Task to carry out: Reproduce the material below only from the line with "وشهد المؤتمر الإعلان" to the line with "- Lots of Outfit", both included, keeping each line exact and dropping the pictures.

• • • • •

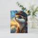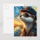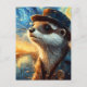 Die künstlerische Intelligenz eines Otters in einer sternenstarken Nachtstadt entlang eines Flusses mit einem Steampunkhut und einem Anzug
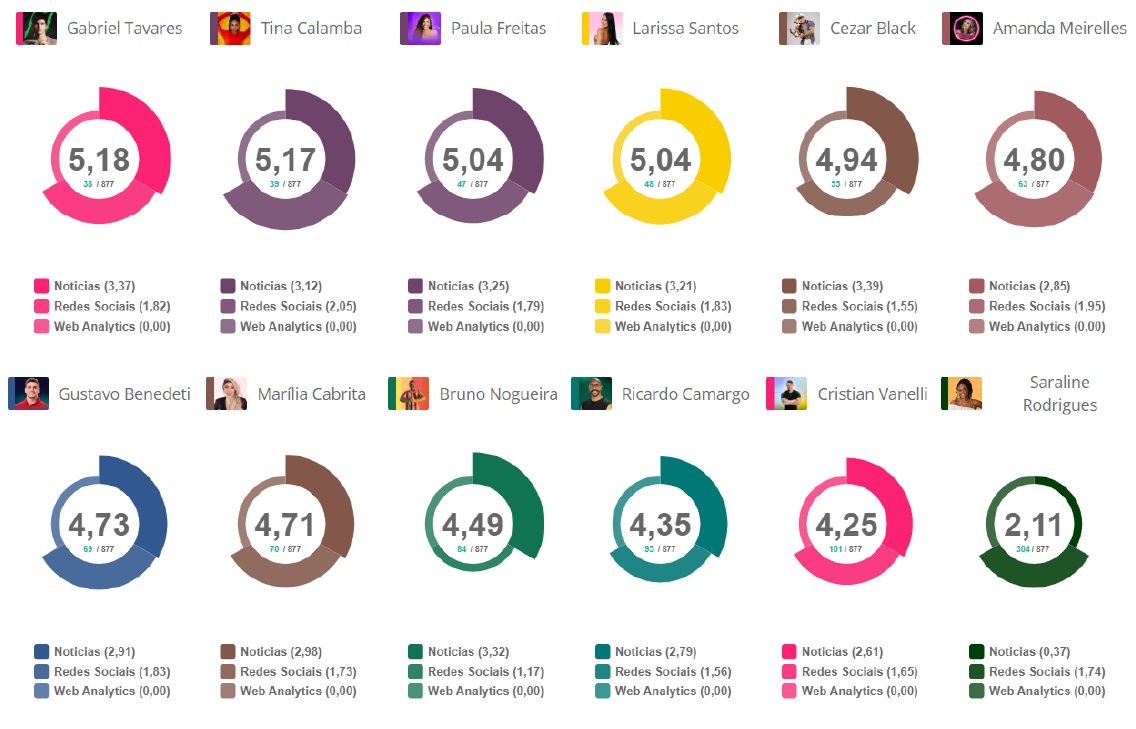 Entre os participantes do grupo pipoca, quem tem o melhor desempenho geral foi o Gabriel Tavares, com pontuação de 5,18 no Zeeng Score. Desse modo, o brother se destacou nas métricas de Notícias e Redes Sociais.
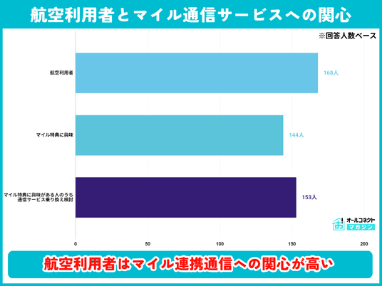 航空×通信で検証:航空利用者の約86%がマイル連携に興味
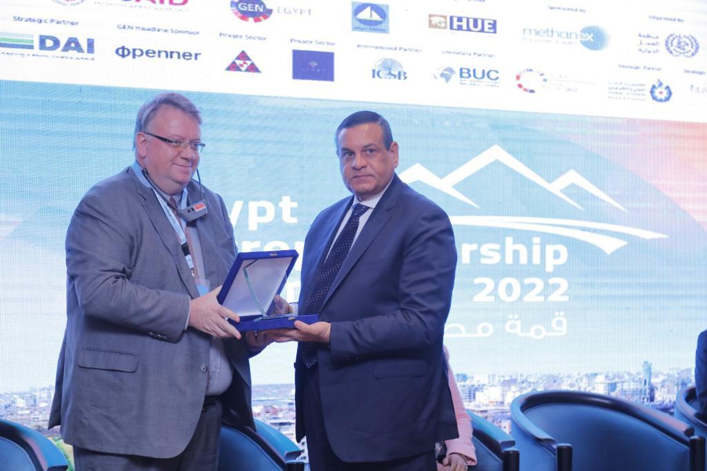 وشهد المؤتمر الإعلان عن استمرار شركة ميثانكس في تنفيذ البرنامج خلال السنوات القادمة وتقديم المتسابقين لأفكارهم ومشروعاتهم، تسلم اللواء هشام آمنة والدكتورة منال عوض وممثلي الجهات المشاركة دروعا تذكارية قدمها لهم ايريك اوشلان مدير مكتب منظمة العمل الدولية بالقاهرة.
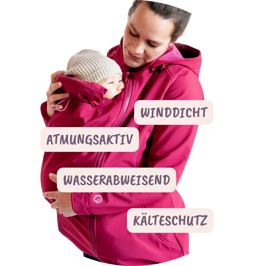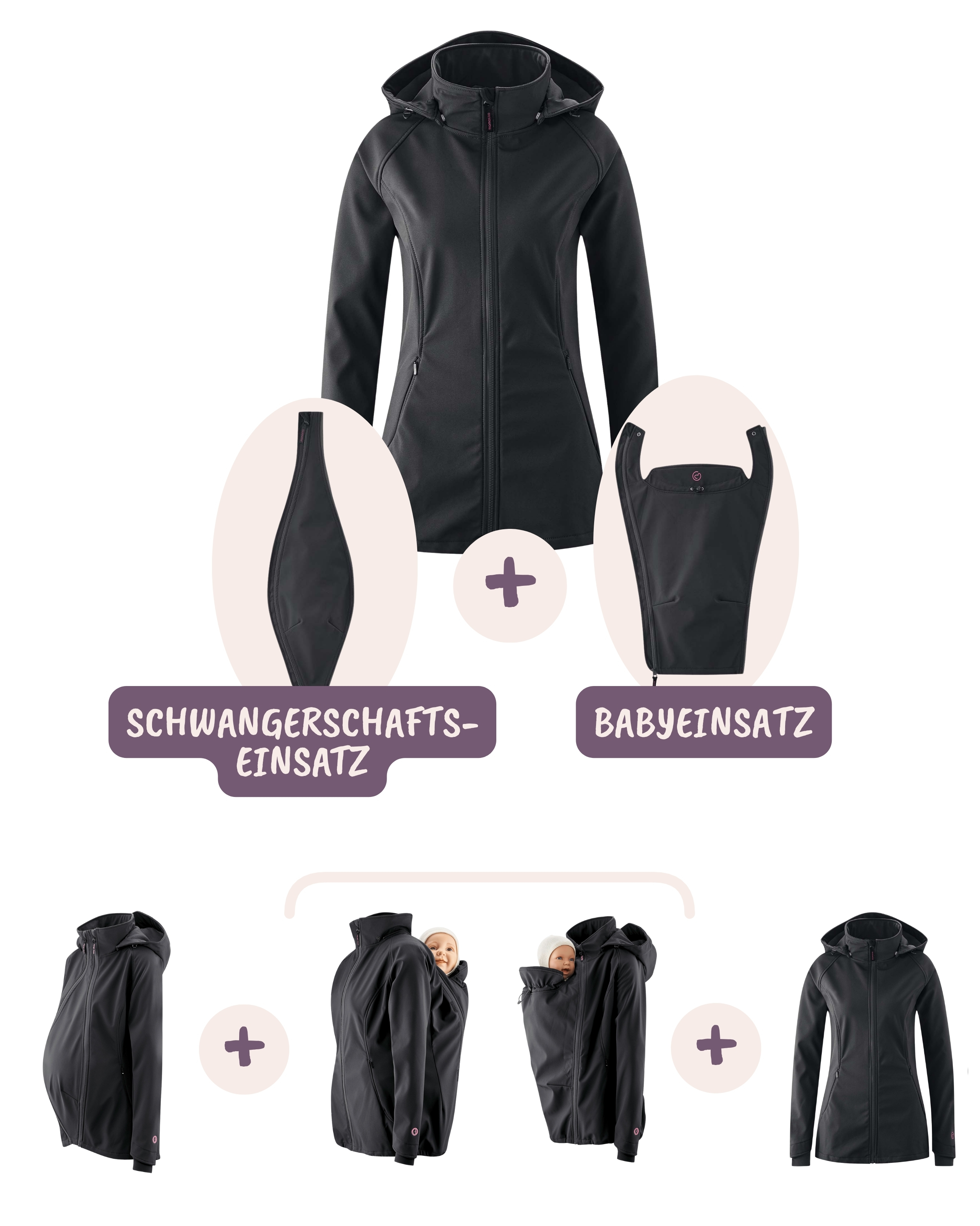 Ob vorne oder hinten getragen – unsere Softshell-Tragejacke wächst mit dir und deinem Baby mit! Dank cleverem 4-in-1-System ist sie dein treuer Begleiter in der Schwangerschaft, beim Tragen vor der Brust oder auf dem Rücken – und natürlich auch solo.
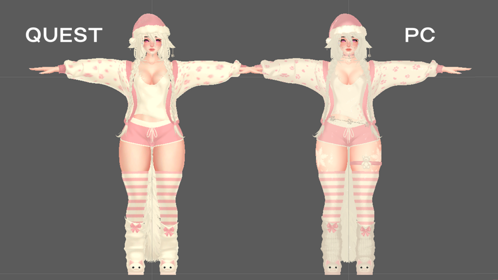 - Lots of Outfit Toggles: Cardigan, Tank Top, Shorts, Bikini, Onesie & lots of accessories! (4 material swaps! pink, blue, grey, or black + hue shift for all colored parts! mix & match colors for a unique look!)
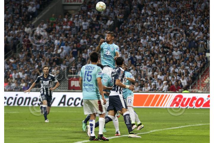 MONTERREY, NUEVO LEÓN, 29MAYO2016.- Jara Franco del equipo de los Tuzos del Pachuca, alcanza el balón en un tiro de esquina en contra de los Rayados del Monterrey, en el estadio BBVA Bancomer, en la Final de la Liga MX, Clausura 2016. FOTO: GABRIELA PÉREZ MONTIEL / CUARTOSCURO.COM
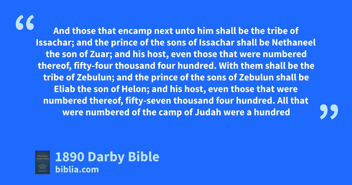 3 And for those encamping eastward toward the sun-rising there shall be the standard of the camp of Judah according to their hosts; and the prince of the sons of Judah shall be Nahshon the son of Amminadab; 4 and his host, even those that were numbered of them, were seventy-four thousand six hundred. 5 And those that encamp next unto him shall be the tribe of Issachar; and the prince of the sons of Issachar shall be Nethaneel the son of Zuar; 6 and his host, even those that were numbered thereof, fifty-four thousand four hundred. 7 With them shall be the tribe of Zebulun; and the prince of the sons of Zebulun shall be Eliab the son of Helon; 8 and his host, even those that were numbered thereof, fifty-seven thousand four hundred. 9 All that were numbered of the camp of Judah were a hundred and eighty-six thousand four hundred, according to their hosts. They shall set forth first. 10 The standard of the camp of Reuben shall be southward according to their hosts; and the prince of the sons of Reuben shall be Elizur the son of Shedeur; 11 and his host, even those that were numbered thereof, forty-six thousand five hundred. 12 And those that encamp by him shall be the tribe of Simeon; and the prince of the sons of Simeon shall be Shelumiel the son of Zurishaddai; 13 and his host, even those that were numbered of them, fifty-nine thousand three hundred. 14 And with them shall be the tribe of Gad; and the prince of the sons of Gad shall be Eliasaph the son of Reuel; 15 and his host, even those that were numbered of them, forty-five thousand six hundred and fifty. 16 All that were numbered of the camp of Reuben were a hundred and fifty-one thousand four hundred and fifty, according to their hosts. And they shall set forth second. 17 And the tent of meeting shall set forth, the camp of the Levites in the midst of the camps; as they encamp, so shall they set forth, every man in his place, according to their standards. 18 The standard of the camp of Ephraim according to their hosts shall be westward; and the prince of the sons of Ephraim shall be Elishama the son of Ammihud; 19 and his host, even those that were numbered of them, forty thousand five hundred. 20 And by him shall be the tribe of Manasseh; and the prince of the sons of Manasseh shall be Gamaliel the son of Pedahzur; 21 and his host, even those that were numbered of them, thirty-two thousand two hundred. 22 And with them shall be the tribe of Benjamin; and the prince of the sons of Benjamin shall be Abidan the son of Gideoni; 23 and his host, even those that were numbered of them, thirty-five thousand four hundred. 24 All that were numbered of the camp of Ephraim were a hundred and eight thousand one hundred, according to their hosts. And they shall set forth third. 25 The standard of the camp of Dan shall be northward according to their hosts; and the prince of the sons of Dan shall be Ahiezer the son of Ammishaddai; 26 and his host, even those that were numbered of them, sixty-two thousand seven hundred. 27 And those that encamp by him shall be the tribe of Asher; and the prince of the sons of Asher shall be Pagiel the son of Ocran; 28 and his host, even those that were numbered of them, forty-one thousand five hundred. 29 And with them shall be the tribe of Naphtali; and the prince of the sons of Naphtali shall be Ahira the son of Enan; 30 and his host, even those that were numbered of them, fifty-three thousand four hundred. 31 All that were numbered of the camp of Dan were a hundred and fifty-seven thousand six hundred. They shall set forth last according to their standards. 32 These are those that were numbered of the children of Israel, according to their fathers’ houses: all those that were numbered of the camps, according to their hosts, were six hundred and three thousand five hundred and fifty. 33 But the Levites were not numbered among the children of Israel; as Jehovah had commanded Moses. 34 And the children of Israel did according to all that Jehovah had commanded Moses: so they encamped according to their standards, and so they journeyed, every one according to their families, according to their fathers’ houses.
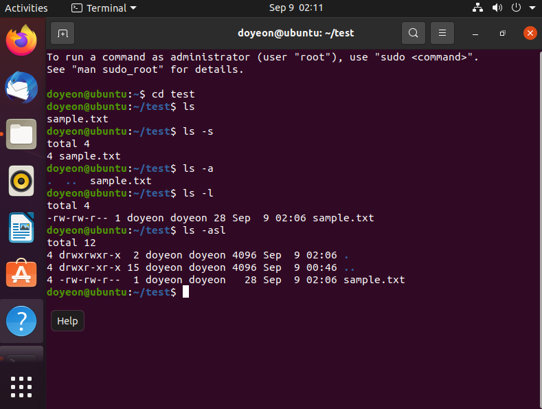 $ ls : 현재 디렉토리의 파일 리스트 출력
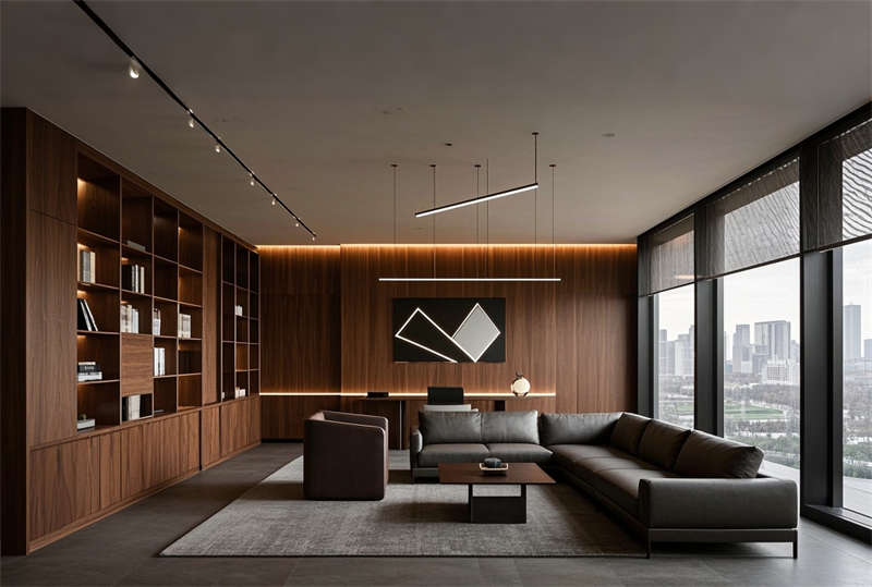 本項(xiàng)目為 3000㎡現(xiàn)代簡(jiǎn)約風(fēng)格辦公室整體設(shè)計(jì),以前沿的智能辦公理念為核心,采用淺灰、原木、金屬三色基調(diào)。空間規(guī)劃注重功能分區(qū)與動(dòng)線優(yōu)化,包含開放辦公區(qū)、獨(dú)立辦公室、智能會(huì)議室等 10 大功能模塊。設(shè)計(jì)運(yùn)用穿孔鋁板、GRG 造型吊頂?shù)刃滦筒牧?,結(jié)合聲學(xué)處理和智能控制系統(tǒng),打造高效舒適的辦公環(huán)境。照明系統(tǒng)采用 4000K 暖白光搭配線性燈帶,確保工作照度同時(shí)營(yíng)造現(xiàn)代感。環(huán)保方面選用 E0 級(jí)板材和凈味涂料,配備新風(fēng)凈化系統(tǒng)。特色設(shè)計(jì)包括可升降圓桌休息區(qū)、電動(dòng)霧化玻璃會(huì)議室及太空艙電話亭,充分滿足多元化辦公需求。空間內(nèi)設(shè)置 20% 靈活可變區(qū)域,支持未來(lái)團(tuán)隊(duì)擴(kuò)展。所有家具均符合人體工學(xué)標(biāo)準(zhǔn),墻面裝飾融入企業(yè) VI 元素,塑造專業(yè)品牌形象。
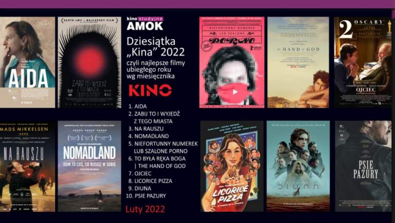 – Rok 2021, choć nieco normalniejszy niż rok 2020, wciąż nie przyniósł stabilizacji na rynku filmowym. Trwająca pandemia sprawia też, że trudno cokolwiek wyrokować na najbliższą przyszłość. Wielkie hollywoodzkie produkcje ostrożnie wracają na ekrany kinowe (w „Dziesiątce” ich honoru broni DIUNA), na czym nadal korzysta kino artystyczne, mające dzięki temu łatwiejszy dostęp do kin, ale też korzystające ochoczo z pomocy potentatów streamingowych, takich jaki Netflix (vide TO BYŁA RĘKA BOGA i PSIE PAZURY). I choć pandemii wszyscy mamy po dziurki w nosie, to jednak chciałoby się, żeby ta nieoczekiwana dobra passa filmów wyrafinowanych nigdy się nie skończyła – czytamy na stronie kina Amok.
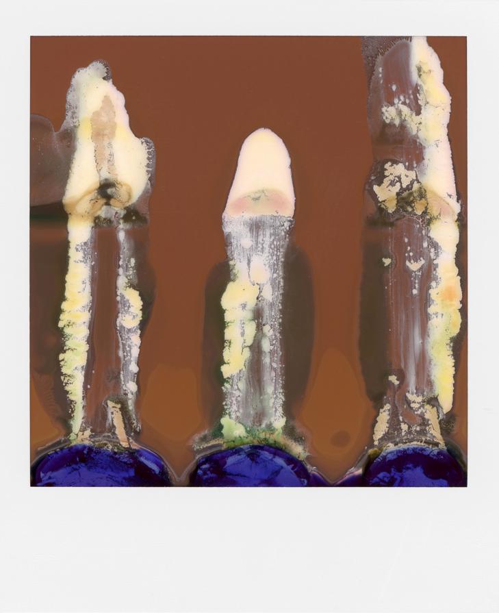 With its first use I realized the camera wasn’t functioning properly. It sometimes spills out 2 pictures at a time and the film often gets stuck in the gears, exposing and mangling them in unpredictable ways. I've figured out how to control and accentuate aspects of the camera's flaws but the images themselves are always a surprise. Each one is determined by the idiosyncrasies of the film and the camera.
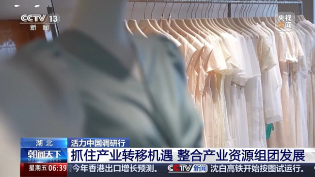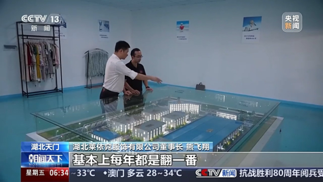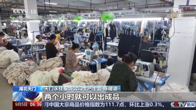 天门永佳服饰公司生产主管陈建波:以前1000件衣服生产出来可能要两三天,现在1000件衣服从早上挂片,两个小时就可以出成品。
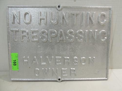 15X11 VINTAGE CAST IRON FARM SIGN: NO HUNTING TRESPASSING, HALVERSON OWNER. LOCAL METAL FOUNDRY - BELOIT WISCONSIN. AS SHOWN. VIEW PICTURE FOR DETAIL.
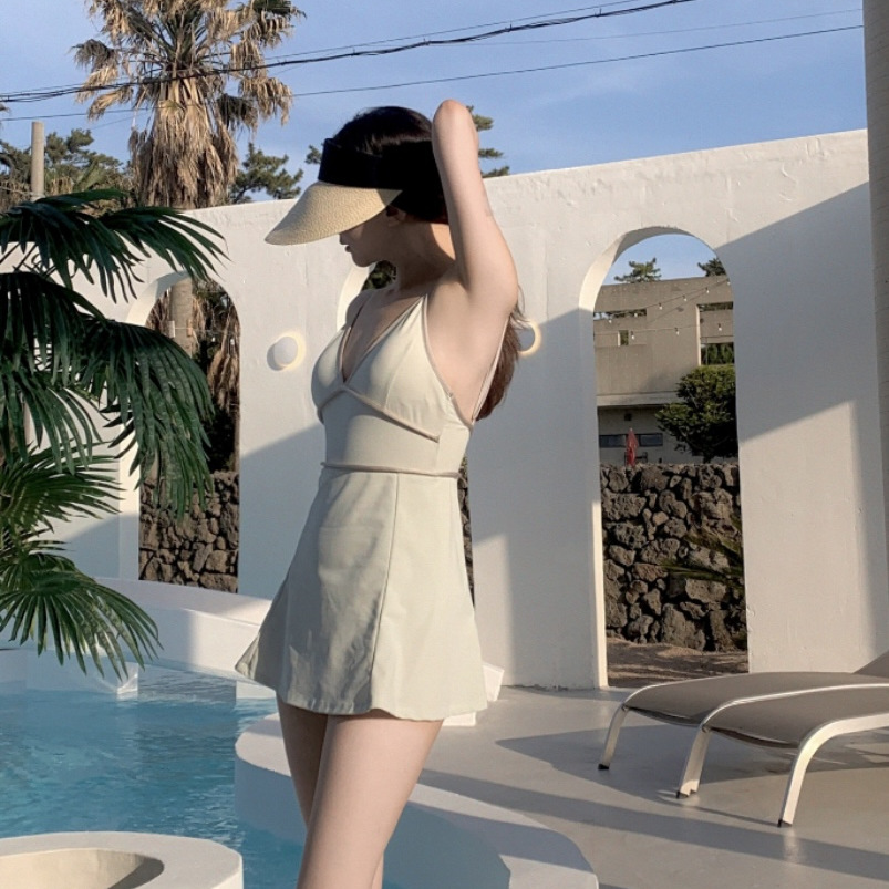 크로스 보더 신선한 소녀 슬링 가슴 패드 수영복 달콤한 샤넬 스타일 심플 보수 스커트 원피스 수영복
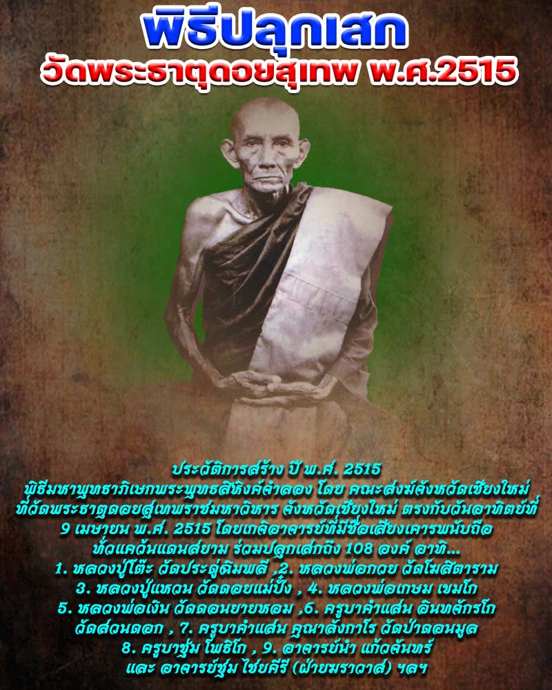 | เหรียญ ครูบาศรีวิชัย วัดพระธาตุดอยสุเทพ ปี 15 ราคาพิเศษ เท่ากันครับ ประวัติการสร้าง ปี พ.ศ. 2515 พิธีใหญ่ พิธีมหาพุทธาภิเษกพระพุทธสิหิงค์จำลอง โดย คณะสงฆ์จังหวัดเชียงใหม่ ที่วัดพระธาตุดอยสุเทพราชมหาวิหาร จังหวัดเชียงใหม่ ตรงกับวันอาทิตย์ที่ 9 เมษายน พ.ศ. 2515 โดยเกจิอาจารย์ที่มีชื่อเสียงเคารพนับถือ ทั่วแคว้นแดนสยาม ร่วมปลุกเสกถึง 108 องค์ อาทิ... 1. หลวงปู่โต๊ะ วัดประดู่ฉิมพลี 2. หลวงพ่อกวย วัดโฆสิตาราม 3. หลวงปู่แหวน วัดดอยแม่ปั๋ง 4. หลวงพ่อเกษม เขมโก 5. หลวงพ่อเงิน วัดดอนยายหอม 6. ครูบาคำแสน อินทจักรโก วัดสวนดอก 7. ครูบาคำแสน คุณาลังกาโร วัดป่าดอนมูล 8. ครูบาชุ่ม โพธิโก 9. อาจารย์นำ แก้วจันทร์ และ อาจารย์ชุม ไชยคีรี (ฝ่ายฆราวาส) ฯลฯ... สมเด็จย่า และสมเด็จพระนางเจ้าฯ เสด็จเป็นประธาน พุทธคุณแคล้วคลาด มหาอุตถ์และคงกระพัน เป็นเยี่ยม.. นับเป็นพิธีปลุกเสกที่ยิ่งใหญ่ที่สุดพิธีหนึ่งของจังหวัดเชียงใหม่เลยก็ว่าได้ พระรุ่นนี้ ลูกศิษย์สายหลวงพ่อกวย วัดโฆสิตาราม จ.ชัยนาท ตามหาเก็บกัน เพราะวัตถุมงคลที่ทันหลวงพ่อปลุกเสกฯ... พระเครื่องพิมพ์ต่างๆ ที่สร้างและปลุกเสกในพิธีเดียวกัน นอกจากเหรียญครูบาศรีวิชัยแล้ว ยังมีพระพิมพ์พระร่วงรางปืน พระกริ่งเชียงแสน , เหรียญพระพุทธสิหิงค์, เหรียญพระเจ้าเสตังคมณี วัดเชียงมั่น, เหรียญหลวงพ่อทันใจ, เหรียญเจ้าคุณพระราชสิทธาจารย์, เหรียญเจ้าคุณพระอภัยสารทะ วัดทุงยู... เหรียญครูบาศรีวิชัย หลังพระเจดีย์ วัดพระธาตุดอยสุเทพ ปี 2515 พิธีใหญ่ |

• • • • •

Written response:
 وشهد المؤتمر الإعلان عن استمرار شركة ميثانكس في تنفيذ البرنامج خلال السنوات القادمة وتقديم المتسابقين لأفكارهم ومشروعاتهم، تسلم اللواء هشام آمنة والدكتورة منال عوض وممثلي الجهات المشاركة دروعا تذكارية قدمها لهم ايريك اوشلان مدير مكتب منظمة العمل الدولية بالقاهرة.
 Ob vorne oder hinten getragen – unsere Softshell-Tragejacke wächst mit dir und deinem Baby mit! Dank cleverem 4-in-1-System ist sie dein treuer Begleiter in der Schwangerschaft, beim Tragen vor der Brust oder auf dem Rücken – und natürlich auch solo.
 - Lots of Outfit Toggles: Cardigan, Tank Top, Shorts, Bikini, Onesie & lots of accessories! (4 material swaps! pink, blue, grey, or black + hue shift for all colored parts! mix & match colors for a unique look!)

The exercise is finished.